# 90 Gal Mbuna tank (first mbuna tank)



## Steve (Mar 27, 2013)

Just set this up last night!

Equipment:

Tank:
48x18x24" standard footprint tank
Placed on an iron stand covered in wood w/ homemade hood [I didn't make this myself]

Filtration:
Aquaclear 70 
Fusion 700 w/ size 4 hydro pro sponge
Hopefully getting an FX5 when the wallet can afford it

Power heads:
2x Koralia 4

Heater: 
250W Jager ebo

Decor:
46x16" eggcrate
aragonite sugar sand with crushed coral (about 1" bed)
~400 lbs of Basalt
Java fern wedged into the rock

Stocking: [edited as of 28-DEC-2013]
4x Pseudotropheus Acei "Yellow Tail"
10x Synodontis Petricola
10x Metriaclima sp. "Msobo" Magunga
4x Metriaclima Estherae "Cherry Red"
3x Pseudotropheus Flavus Chinyankwazi
6x Metriaclima sp. "Elongatus Chewere"
1x Long-fin Silvertip Bristlenose Pleco
?x Acei fry


----------



## jbyoung00008 (May 16, 2011)

Looking good Steve.
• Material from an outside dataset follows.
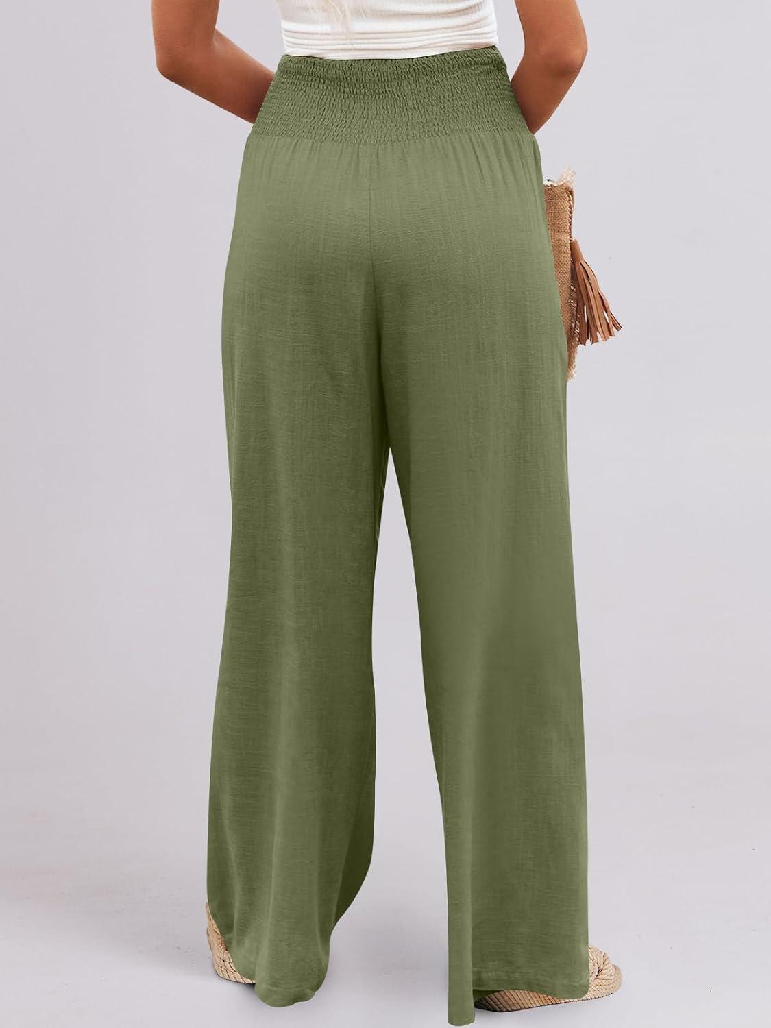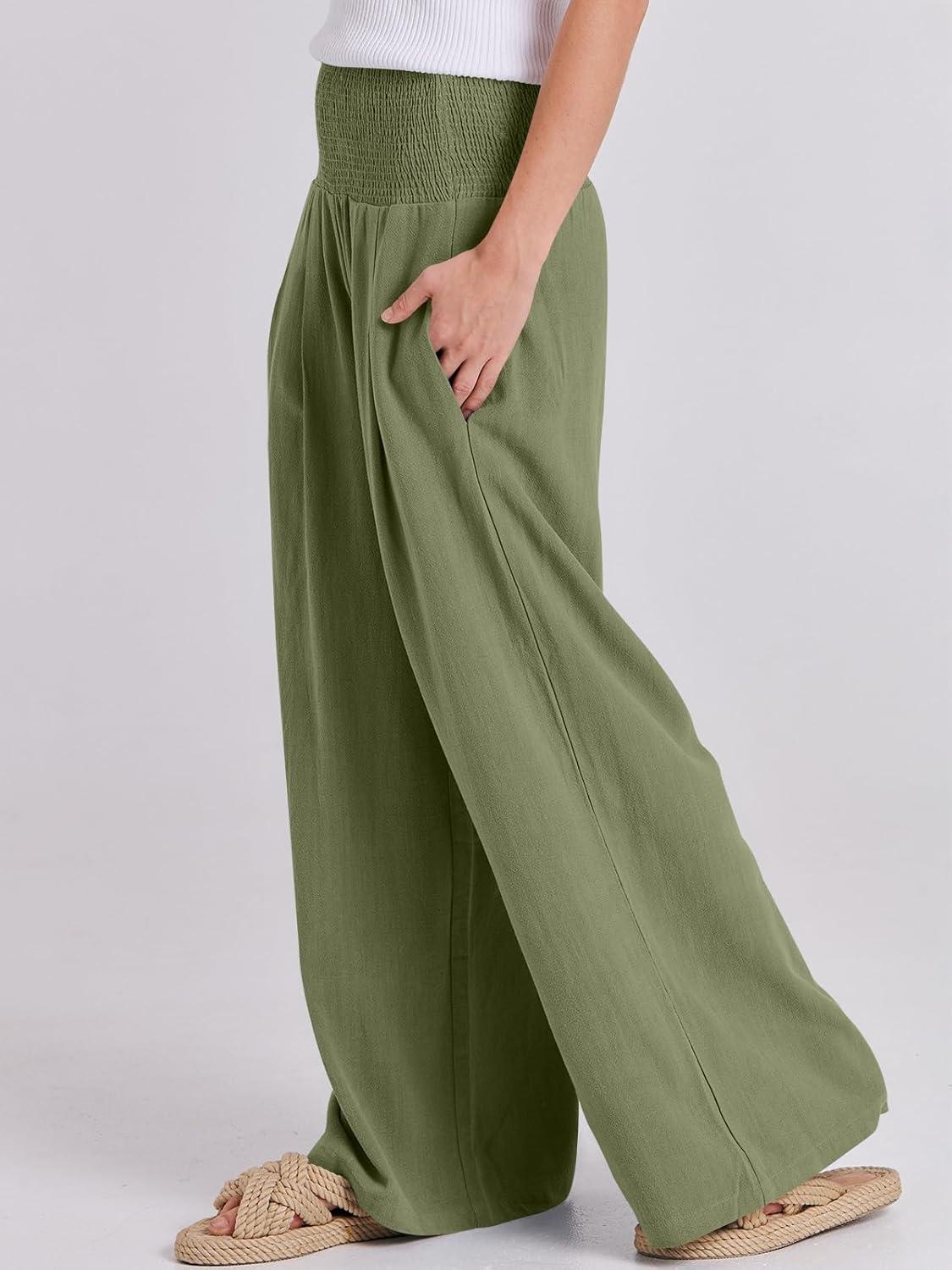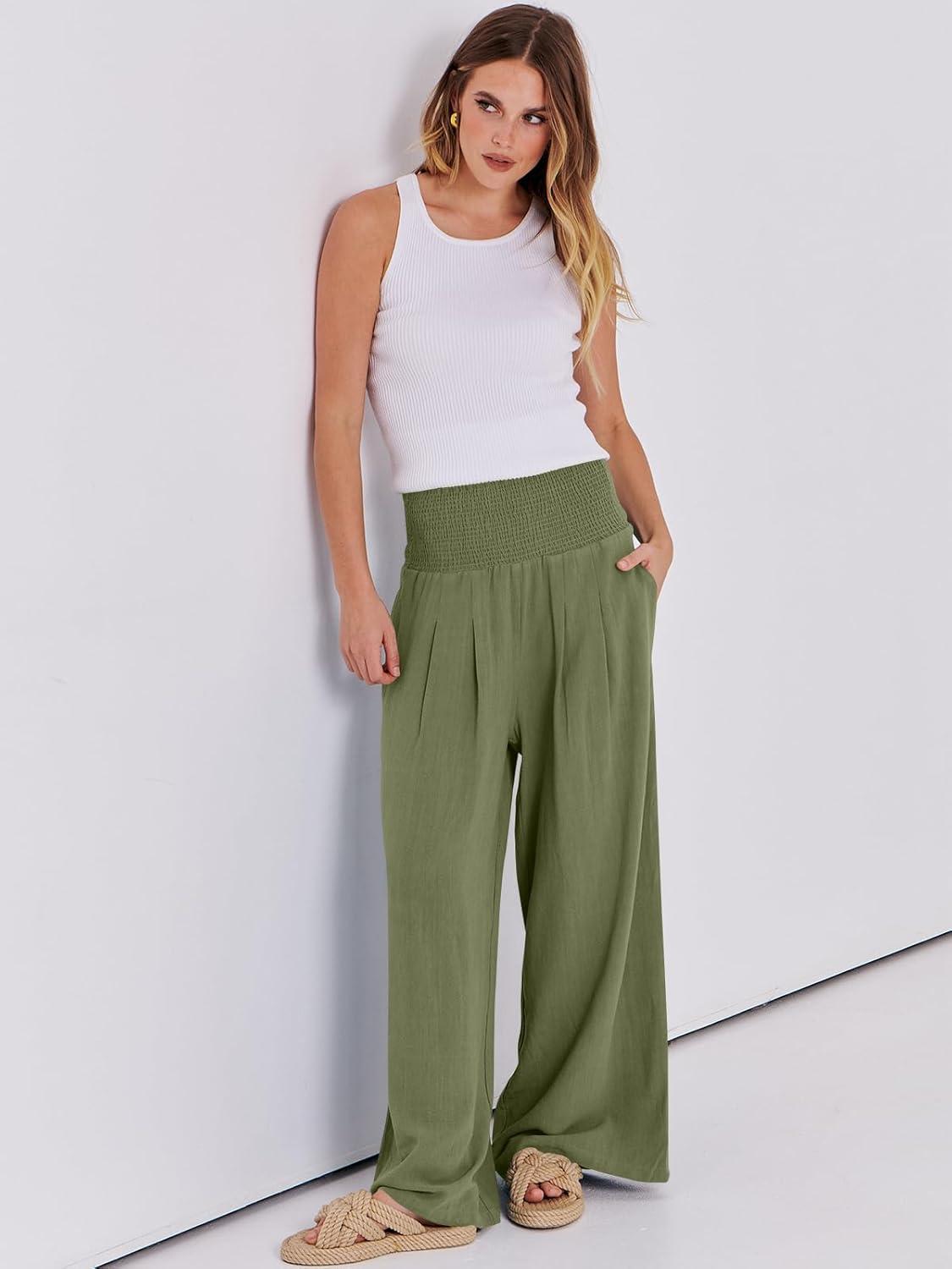 ANRABESS Women Linen Palazzo Pants Summer Boho Wide Leg High Waist Casual Lounge Pant 2025 Beach Travel Vacation Outfits(Army Green)

That's a ton of rock in there. The Mbunas should feel right at home


----------



## AKAmikeross (Nov 5, 2012)

looks good. Some serious flow there. arent those power heads rated at 1200gph each? How do your fish like that much current? I was thinking of running a similar setup in my 135g but many said it was to much.


----------



## Steve (Mar 27, 2013)

It is a lot of flow and I've only had fish in there for a day but the idea behind it is they expend their energy swimming instead of attacking each other. There's also a few slower spots to sleep in due to all the rockwork. Honestly no idea how itll work out over time though.


----------



## jhj0112 (Jul 30, 2013)

very nice!!! maybe I should consider switching from apistos tank to african tank  it is so hard to find good/rare apistos


----------



## Steve (Mar 27, 2013)

It's hard to find good africans in BC too =P but there's a group order going on in the group order classified section if you're seriously interested!


----------



## Vancitycam (Oct 23, 2012)

Your mbuna should be happy with all that rock just make sure it's all really stable.


----------



## onefishtwofish (Apr 21, 2010)

yes i like it too. i worry about the one small rock on top bridging the others. there isnt much area holding it on to the left and although your sand looks all spiffy now, when u get it stocked more the males will dig and spit it out from under the rock work and it may fall and crack the glass or fall on a fish. looks great tho.


----------



## Steve (Mar 27, 2013)

The rocks are actually lying on eggcrate and not sand so they shouldn't shift from digging. The bottom 4 rocks that most of the rockwork is sitting on are actually cut pieces of rock so they lie flat on the eggcrate and when buried by a bit of sand look like they are deeply burried. I do worry about that one piece on the top though so I may move it soon!


----------



## jbyoung00008 (May 16, 2011)

The piece that you are worried about doesn't fit IMO anyways. Try removing it or placing it somewhere else. Its going to fall for sure.


----------



## jhj0112 (Jul 30, 2013)

lol Hmm I have been thinking about African cichlids as my wife wants to see some nice african cichlids in my 90G instead of tons of SA dwarf cichlids . For now, I gotta stick with my SA dwarf cichlids.. I LOVE them.. Maybe I should convince my wife to have ANOTHER tank for African lol.



Steve said:


> It's hard to find good africans in BC too =P but there's a group order going on in the group order classified section if you're seriously interested!


----------



## Steve (Mar 27, 2013)

Some pic updates!

...as you can see I am not a photographer LOL


----------



## jhj0112 (Jul 30, 2013)

Steve said:


> Some pic updates!
> 
> ...as you can see I am not a photographer LOL
> 
> ...


WOW! very nice fishes! are they the fishes that you got from the group buy?? really nice! good work!


----------



## jbyoung00008 (May 16, 2011)

Looking good Steve. There's going to be lots of color in your tank when those fish grow.


----------



## Steve (Mar 27, 2013)

jhj0112 said:


> WOW! very nice fishes! are they the fishes that you got from the group buy?? really nice! good work!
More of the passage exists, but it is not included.